Investment firms are also vying for management, as British firm ICG did in May. Elsa Paranza Leading ESG efforts from Barclays. 2021, KKR Seduced Blackstone’s Global Head Blackstone itself has been busy expanding its ESG staffing.

This mass hiring is in stark contrast to the ESG backlash felt by companies like Blackstone and the pressure on this type of investment approach from some conservative legislators.


Simon Fischweicher, Head of Corporate and Supply Chain at CDP North America, said:

Simon Fischweicher, CPD Head of Business and Supply Chain, said despite the backlash, it was clear business and real estate were moving forward. Many companies are preparing “uphill” to prepare for the SEC’s reporting requirements.

“I think it’s clear that the corporate sector, investors and customers are moving forward,” he said.

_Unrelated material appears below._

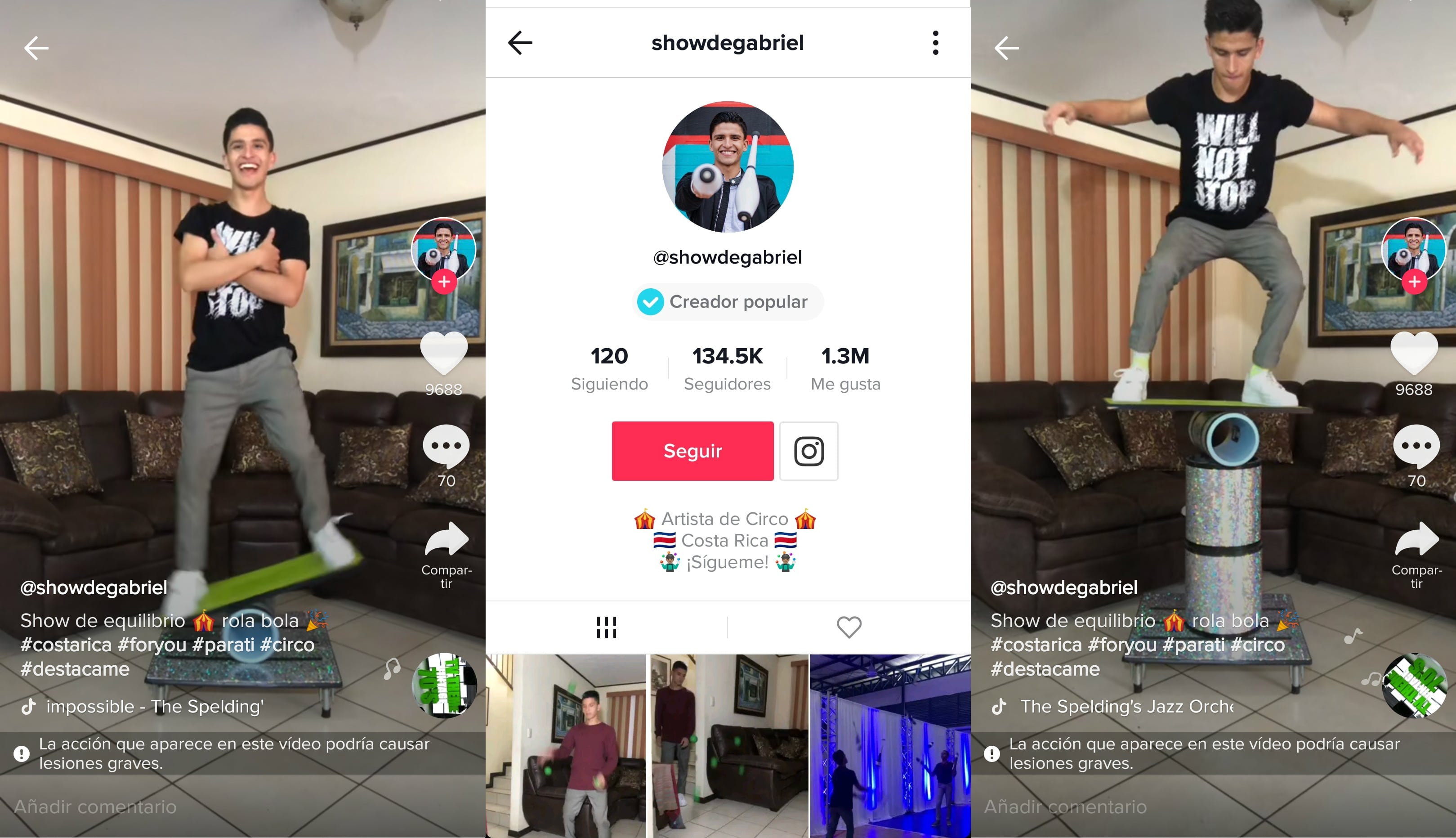 Gabriel empezó a grabar videos haciendo malabares y rutinas balanceándose en una tabla en la sala de su casa en Tres Ríos y ahora tiene 134.500 seguidores en TikTok y todos sus videos suman 1.3 millones de likes. Él asegura que TikTok es la plataforma digital con más alcance de todas las que ha usado.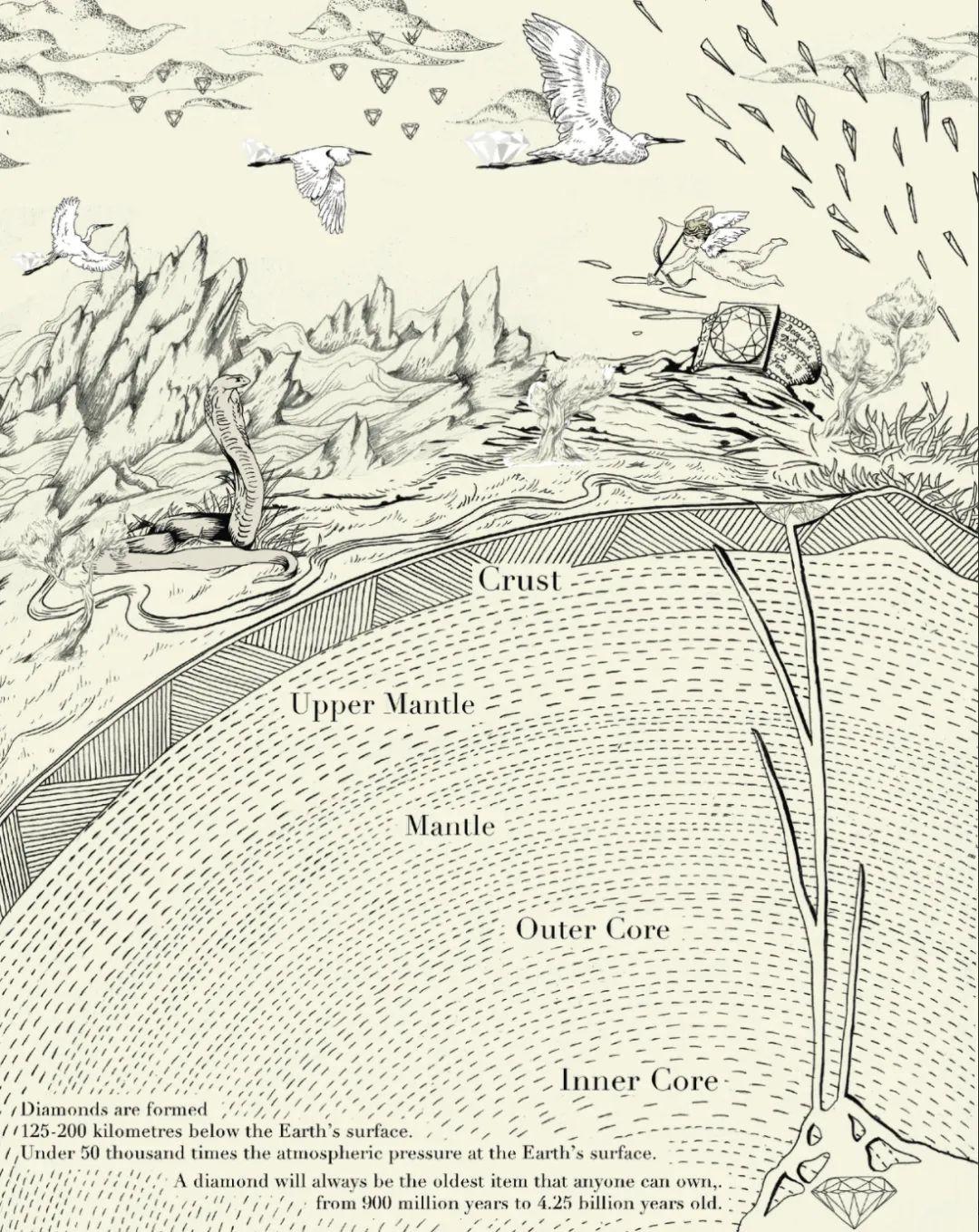 宝石学家们发现,粉钻的颜色并非因为化学的原因致色,而是因为钻石内部碳原子的错位。天然钻石在地核中受到高温压力的影响,发生晶格扭曲,导致碳原子结构发生的变化。而要知道,晶格扭曲的几率可是非常少见的,粉钻就是这么神奇的存在。

“How does your asset affect climate change? It can certainly be a very political statement,” said Tony Liu, President of Partner Energy. “But another statement is how climate change will affect your assets. Many can argue about the former, but not the latter.”

In many ways, real estate has been at the center of the broader ESG movement, helping the industry develop more talent and experience than any other sector of the economy. For many companies, the first step in their ESG and sustainability strategy has focused on real estate. CPD’s Fischweicher said even the financial sector is really starting to look at emissions and sustainability through the lens of property and facility management.

But its expertise is evolving. Today’s analysts are not only reducing emissions, but also achieving net-zero buildings, including working with material suppliers, which are likely to have their own sustainability teams, and embodied The focus may be on finding ways to reduce carbon. According to Liou, demand for this information about upcoming transactions is growing, and buyers and sellers expect the scope of data collection to expand during due diligence.

Schantz has a history of hiring and recruiting ESG professionals, including Lendlease Americas, which has a large team that allows for more analysis and project management, and JBG Smith, a DC-area REIT with a relatively large team. We mentioned some companies that stand out for .

Consultants aren’t going away, according to experts, despite the growing number of in-house roles across CREs. Many believe that verification and certification of energy audits has a role. Demand will skyrocket as companies seek third-party verification of their sustainability data. And as companies strengthen their sustainability teams, they tend to hire consultants to supplement their work and develop internal strategies and workflows.

There is a growing suite of software for measuring performance and emissions, but they themselves require consultants to scrutinize the technology and help with installation and operation. Comly Wilson, his Enertiv marketing director at a company that provides technology solutions for measuring energy and emissions, said automating the data-reporting process was essential to increase the level of time and accuracy. said it would be.

“ESG consultants are hiring continuously,” says Schantz. “Not only because their staff is being poached by an in-house real estate company, but because their workbook continues to grow.”

Schantz does not expect the shortage to be resolved anytime soon. When SEC rule changes call for a full set of risks, the vast majority of companies will find themselves unprepared and “rushing” to find talent.

“We see this talent shortage across the board. It’s a reality,” Wilson said. “Whether it’s an ESG consultant or an architectural engineer, it’s a serious problem, and when portfolios are forced to do more, when less people do it. is.”